“Le racisme est comme la pluie, soit il pleut, soit il s’accumule quelque part.” -Mary Lovelace O’Neal
Mary Lovelace O’Neal, peintre, graveuse et artiste multimédia africaine-américaine, a donné comme titre à l’une de ses toiles « Purple Rain ».
Ce titre me renvoie immédiatement à Prince et à sa légendaire chanson. Tout le monde y trouvera une signification derrière les paroles, et même si personne n’a jamais vu de « pluie violette », chacun entonnera les paroles comme si cela pouvait exister.
Des artistes comme O’Neal, nous en découvrons aujourd’hui via l’exposition « Paris Noir », qui nous montre une capitale plus engagée que jamais et déterminée à redorer ces artistes restés dans la pénombre.

Résister comme un artiste, résister comme un enfant.
En ces temps sombres et incertains, l’art nous propose de voir, comme toujours, la vie sous un autre angle. Il nous remue, nous bouscule, nous amène au-delà des frontières, que ce soient à commencer par les nôtres, celles que nous avons héritées ou mises en place pour nous protéger, ou encore celles que les hommes ont construites à travers le monde.
Mais, l’art n’a pas de barrière, il a toutes les langues, car nous le comprenons, peu importe où nous vivons. Il n’a pas de limites parce qu’il est libre. C’est tout autour de nous et plus encore en nous. Il y a quelque chose de très enfantin en cela, comme juste prendre une feuille de papier blanc et un crayon de couleur.
Dessiner de la pluie violette ou la chanter, peu importe. Résister, c’est peut-être cela : garder en soi son âme d’enfant, son âme d’artiste. Résister pour certains, c’est témoigner de leur art. Résister, c’est probablement aussi une manière d’exister quand tant de personnes veulent enfermer, emprisonner, cacher ou effacer nos différences.
Paris noir, pour montrer la présence d’artistes occultés
L’exposition « Paris noir » est une exposition à découvrir au Centre Pompidou jusqu’au 30 juin 2025. Elle offre une immersion dans un Paris cosmopolite, lieu de résistance et de création, où se sont développées de nombreuses pratiques, de la prise de conscience identitaire à la quête de langages plastiques transculturels.
De la création de la revue Présence africaine à celle de Revue noire, l’exposition « Paris noir » retrace la présence et l’influence des artistes noirs en France entre les années 1950 et 2000.
Elle expose 150 artistes afro-descendants, de l’Afrique aux Amériques, dont les œuvres n’ont souvent jamais été montrées en France.
Des abstractions internationales aux abstractions afro-atlantiques, en passant par le surréalisme et la figuration libre, cette traversée historique dévoile l’importance des artistes afro-descendants dans la redéfinition des modernismes et post-modernismes.
Le parcours thématique dévoile un art identitaire, des mouvements artistiques inédits, des expérimentations et des pratiques très variées, dressant ainsi le tableau d’une époque et d’une ville multiculturelle unique.
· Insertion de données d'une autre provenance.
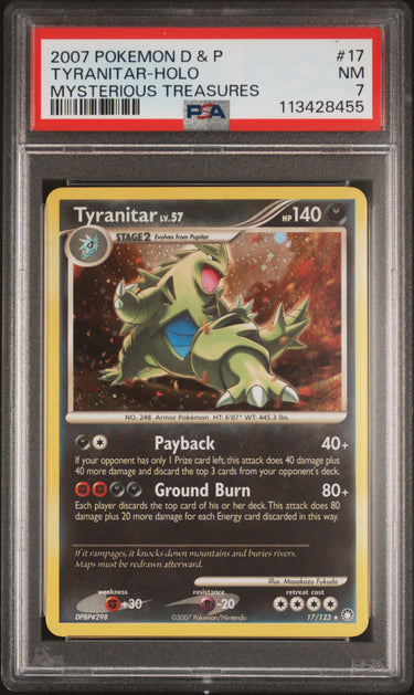 2007 Pokemon Diamond & Pearl Mysterious Treasures #17 Tyranitar-Holo PSA 7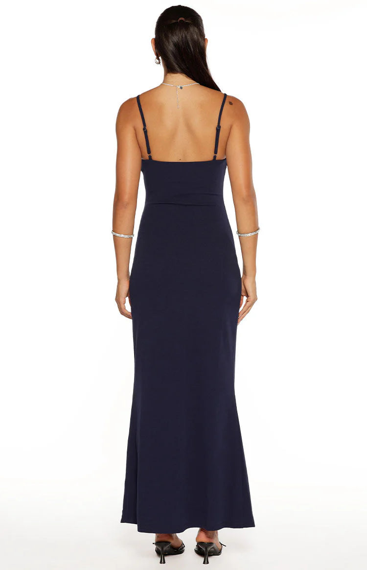 Elevate your evening wear with our Gracy Navy Crepe Formal Maxi Dress, perfect for a wedding or formal event! Made from stretch crepe, this maxi features a flattering gathered bust detail, adjustable straps, and a statement thigh split for an elegant silhouette. Complete the look with strappy heels and a sparkling clutch for a refined and unforgettable finish.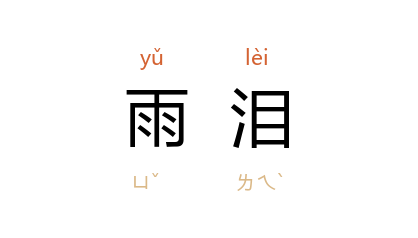 引《洛阳伽蓝记·卷一·永宁寺》:「发言雨泪,哀不自胜。」晋·陆云〈吊陈永长书〉:「东望贵舍,雨泪沾襟。」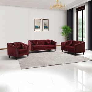 Elevate your living space with this sophisticated sofa set, combining luxurious materials and exquisite craftsmanship. Made with premium flannel fabric, this sofa is breathable, mold-proof, and scratch-resistant, ensuring a comfortable and long-lasting seating experience. The solid wood frame provides robust support, while the double-layer spring structure and high-density sponge deliver superior comfort and ergonomic balance. Featuring hand-crafted point-pulling techniques, this set showcases smooth textures and elegant detailing, creating a stunning focal point. Its sturdy synthetic metal components ensure exceptional stability and durability for years of enjoyment.

Une exposition pour réparer les oublis de l’histoire de l’art
D’après Alicia Knock, commissaire de l’exposition : »Le parti adopté dans l’exposition est celui d’une forme cartographique et historiographique, afin de mettre en avant un grand nombre de plasticiens dont la présence à Paris a favorisé la naissance d’un internationalisme noir, largement occulté dans les récits d’histoire de l’art du 20ᵉ siècle. »
Le parcours de l’exposition retrace un demi-siècle de luttes pour l’émancipation, des indépendances africaines à la chute de l’apartheid, en passant par les combats contre le racisme en France.
« Paris noir » montre la force politique des artistes qui, à travers leurs créations, ont contesté les récits dominants et réinventé un universalisme « des différences » dans un monde post-colonial.
Cette toile de fond politique sert de contexte, et parfois de contour direct, à certaines pratiques artistiques. En parallèle ou en contrepoint, se déploient dans l’exposition des expérimentations plastiques souvent solitaires, mais qui trouvent dans le parcours des communautés esthétiques.
Paris bénéficie d’une attractivité exceptionnelle pour les créateurs, qu’ils soient de passage ou résidents. La ville fonctionne comme un carrefour de rencontres et un point de circulation – vers l’Afrique – propice à l’affirmation de trajectoires transnationales.
L’exposition est accompagnée d’une riche programmation culturelle à Paris et à l’international.
Des conférences, des publications et l’acquisition d’œuvres par le Musée national d’art moderne, des archives au sein de la bibliothèque Kandinsky, grâce au fonds « Paris noir », renforcent la visibilité des artistes noirs.